Posted to user@spark.apache.org by Justin Miller <ju...@protectwise.com> on 2018/01/17 05:10:12 UTC

"Got wrong record after seeking to offset" issue

Greetings all,

I’ve recently started hitting on the following error in Spark Streaming in Kafka. Adjusting maxRetries and spark.streaming.kafka.consumer.poll.ms even to five minutes doesn’t seem to be helping.

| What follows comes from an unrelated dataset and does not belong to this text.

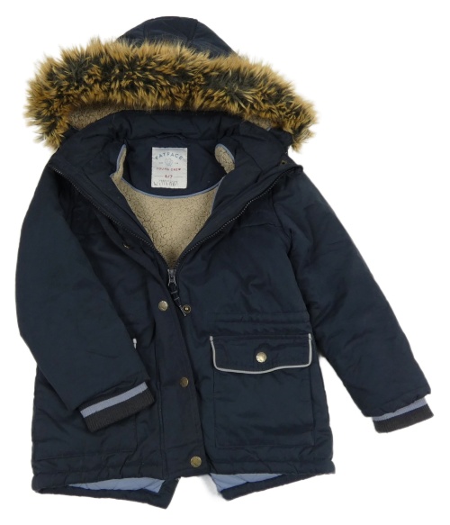 Tmavomodrá šušťáková zimná bunda s kapucňou s kožešinou Fat Face

The problem only manifested in the last few days, restarting with a new consumer group seems to remedy the issue for a few hours (< retention, which is 12 hours).

Error:
Caused by: java.lang.AssertionError: assertion failed: Got wrong record for spark-executor-<consumergrouphere> <topichere> 76 even after seeking to offset 1759148155
    at scala.Predef$.assert(Predef.scala:170)
    at org.apache.spark.streaming.kafka010.CachedKafkaConsumer.get(CachedKafkaConsumer.scala:85)
    at org.apache.spark.streaming.kafka010.KafkaRDD$KafkaRDDIterator.next(KafkaRDD.scala:223)
    at org.apache.spark.streaming.kafka010.KafkaRDD$KafkaRDDIterator.next(KafkaRDD.scala:189)
    at scala.collection.Iterator$$anon$12.nextCur(Iterator.scala:434)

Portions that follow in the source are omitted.